The Golden Verses


Some of Pythagoras's writings come down to us today, through several translations and two thousand years. Below are the Golden Verses, which were the core of the way of life he preached at Croton.


First honor the Immortal Gods, as the law demands; then reverence thy oath, and then the illustrious heroes; then venerate the divinities under the earth, due rites performing; then honor your parents, and all of your kindred.

Among others make the most virtuous thy friend! Love to make use of his soft speeches, and learn from his deeds that are useful; but alienate not the beloved comrade for trifling offences; bear all you can, what you can, for power is bound to necessity.

Take this well to heart; you must gain control of your habits; first over stomach, then sleep, and then luxury, and anger.

What brings you shame, do not unto others, nor by yourself.

The highest of duties is honor to self.

Let justice be practiced in words as in deeds; then make the habit, never inconsiderately to act; neither forget that death is appointed to all; that possessions here gladly gathered, here must be left; whatever sorrow the fate of the Gods may here send us bear, whatever may strike you, with patience unmurmuring; to relieve it, so far as you can, is permitted, but reflect that not much misfortune has Fate given to the good.

The speech of the people is various, now good, now evil; so let them not frighten you, nor keep you from your purpose. If false calumnies come to your ears, support it in patience; yet that which I now am declaring, fulfill it faithfully: let no one with speech or with deeds ever deceive you to do or to say what is not the best.

Think, before you act, that nothing stupid results.

To act inconsiderately is part of a fool; yet whatever later will not bring you repentance, that you should carry through.

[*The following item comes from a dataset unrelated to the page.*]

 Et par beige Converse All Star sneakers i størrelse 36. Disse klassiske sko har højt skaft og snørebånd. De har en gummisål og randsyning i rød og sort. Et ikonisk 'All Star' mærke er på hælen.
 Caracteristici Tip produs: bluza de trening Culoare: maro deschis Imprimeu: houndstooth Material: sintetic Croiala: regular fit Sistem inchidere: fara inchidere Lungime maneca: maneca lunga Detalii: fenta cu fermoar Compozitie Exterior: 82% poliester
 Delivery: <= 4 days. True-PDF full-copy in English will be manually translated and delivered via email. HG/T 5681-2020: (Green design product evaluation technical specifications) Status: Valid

Do nothing beyond what you know, yet learn what you may need; thus shall your life grow happy.

Do not neglect the health of the body; keep measure in eating and drinking, and every exercise of the body. By measure, I mean what later will not induce pain.

Follow clean habits of life, but not the luxurious; avoid all things which will arouse envy.

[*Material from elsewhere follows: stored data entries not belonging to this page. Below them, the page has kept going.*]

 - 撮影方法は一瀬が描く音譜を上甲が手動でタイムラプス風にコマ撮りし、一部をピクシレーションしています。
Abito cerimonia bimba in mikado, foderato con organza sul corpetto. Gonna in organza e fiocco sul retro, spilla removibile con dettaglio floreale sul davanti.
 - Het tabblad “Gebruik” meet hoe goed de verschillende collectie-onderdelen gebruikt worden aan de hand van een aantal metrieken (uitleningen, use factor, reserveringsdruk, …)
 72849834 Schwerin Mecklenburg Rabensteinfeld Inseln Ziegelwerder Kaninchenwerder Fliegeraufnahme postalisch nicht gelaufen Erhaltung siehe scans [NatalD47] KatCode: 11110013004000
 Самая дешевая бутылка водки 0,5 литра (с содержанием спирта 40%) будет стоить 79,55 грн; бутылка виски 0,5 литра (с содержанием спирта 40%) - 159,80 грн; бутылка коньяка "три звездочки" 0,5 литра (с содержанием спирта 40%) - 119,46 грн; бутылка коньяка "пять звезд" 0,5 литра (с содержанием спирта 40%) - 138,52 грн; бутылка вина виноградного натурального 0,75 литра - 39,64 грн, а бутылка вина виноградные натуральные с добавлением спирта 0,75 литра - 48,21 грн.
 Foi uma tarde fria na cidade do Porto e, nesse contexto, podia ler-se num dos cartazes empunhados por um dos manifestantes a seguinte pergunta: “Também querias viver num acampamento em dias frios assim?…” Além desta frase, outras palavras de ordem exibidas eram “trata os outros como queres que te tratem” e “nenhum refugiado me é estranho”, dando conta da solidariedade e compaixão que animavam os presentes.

At the wrong time, never be a prodigal, as if you did not know what was proper, nor show yourself stingy, for a due measure is ever the best.

Do only those things which will not harm thee, and deliberate before you act.

Never let slumber approach thy wearied eyelids, ere thrice you review what this day you did: Wherein have I sinned? What did I? What duty is neglected? All, from the first to the last, review, and if you have erred grieve in your spirit, rejoicing for all that was good. With zeal and with industry, this, then, repeat; and learn to repeat it with joy. Thus wilt thou tread on the paths of heavenly virtue. Surely, I swear it by him who into our souls has transmitted the Sacred Quaternary [the Tetraktys], the spring of eternal Nature.

Never start on your task until you have implored the blessings of the Gods.

If this you hold fast, soon will you recognize of Gods and mortal men the true nature of existence, how everything passes and returns. Then will you see what is true, how Nature in all is most equal, so that you hope not for what has no hope, nor that anything should escape you.

Men shall you find whose sorrows they themselves have created, wretches who see not the Good that is too near, nothing they hear; few know how to help themselves in misfortune. That is the Fate that blinds humanity; in circles, hither and yon they run in endless sorrows; for they are followed by a grim companion, disunion with themselves; unnoticed, never rouse him, and fly from before him!

Father Zeus, O free them all from sufferings so great, or show unto each the Genius, who is their guide! Yet, do not fear, for the mortals are divine by race, to whom holy Nature everything will reveal and demonstrate; whereof if you have received, so keep what I teach you; healing your soul, you shall remain insured from manifold evil.

Avoid foods forbidden; reflect that this contributes to the cleanliness and redemption of your soul. Consider all things well: let reason, the gift divine, be thy highest guide; then should you be separated from the body, and soar in the aether, you will be imperishable, a divinity, a mortal no more.